Ponselku berdering keras saat aku
berhenti di pom bensin. Kuselesaikan pembayaranku dengan petugas pom.
Setelahnya, baru aku keluar dari antrian panjang dan menepi ke tempat
peristirahatan sementara.
“Halo, satu jam lagi. Ini baru OTW
pulang!” Kuputuskan telepon balik Mas Bayu.
Seharian ponselku berdering terus.
Parahnya, hanya tertera dua nama, Mas Bayu, dan Pak Dukuh. Ya, malam nanti
memang akan diadakan syawalan kecil-kecilan di kampungku. Pak Dukuh pernah
mengatakan hanya pengajian kecil saja. Mendengar itu, kuputuskan tidak ikut
mengurusnya. Jarak kantor yang lumayan jauh, juga pekerjaan yang semakin padat
membuatku harus mengurangi kegiatan pemuda. Apalagi aku belum libur sejak hari
lebaran, membuatku repot kalau harus mengurus berbagai acara.

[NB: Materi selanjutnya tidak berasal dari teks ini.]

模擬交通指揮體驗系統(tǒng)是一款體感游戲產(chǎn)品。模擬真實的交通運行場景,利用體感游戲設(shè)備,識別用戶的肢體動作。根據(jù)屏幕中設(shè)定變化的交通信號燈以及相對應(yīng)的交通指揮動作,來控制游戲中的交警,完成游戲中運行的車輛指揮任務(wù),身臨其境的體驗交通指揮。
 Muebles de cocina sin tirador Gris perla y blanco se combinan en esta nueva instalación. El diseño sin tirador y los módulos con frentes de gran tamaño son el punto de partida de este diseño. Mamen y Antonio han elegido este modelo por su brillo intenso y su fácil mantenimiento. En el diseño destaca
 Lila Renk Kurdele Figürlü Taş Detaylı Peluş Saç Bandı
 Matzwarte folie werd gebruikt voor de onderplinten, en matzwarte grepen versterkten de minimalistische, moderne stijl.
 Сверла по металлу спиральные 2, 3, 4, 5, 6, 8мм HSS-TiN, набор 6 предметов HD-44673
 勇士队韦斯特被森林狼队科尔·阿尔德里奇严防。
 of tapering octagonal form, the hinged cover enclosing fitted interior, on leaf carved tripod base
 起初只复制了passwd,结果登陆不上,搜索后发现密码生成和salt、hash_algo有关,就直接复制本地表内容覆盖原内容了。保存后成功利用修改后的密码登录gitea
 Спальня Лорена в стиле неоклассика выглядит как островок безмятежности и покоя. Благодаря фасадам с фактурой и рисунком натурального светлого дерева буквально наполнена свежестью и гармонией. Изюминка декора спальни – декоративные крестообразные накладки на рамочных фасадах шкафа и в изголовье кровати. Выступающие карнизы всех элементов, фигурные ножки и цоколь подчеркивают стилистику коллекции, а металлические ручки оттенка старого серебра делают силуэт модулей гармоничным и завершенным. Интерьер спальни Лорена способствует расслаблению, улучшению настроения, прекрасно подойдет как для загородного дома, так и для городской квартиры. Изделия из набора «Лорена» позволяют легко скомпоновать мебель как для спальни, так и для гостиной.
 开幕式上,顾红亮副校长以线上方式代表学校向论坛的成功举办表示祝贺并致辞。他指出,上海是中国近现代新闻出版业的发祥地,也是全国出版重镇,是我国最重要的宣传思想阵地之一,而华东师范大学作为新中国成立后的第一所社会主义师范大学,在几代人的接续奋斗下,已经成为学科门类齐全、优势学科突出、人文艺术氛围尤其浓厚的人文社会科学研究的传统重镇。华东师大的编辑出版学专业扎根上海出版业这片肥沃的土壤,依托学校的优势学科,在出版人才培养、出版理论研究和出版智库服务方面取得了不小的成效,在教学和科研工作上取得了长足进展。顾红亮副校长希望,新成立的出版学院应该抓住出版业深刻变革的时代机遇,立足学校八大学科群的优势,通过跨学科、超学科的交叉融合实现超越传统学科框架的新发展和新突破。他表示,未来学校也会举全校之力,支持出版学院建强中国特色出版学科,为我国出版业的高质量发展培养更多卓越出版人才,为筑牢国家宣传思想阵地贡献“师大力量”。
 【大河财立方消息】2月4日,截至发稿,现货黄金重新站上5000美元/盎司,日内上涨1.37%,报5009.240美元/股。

Selesai menelepon balik Mas Bayu, aku
langsung meluncur. Aku harus buru-buru sampai rumah karena Pak Dukuh memintaku
segera pulang. Persiapan yang kupikir sudah beres ternyata masih berantakan.
Sampai di rumah, kusempatkan salat
sebentar. Rencananya langsung ke rumah Mas Bayu. Eee..., rupanya baju yang
kukenakan sudah lumayan nggak enak. Maklum, kupakai sejak jam lima subuh tadi.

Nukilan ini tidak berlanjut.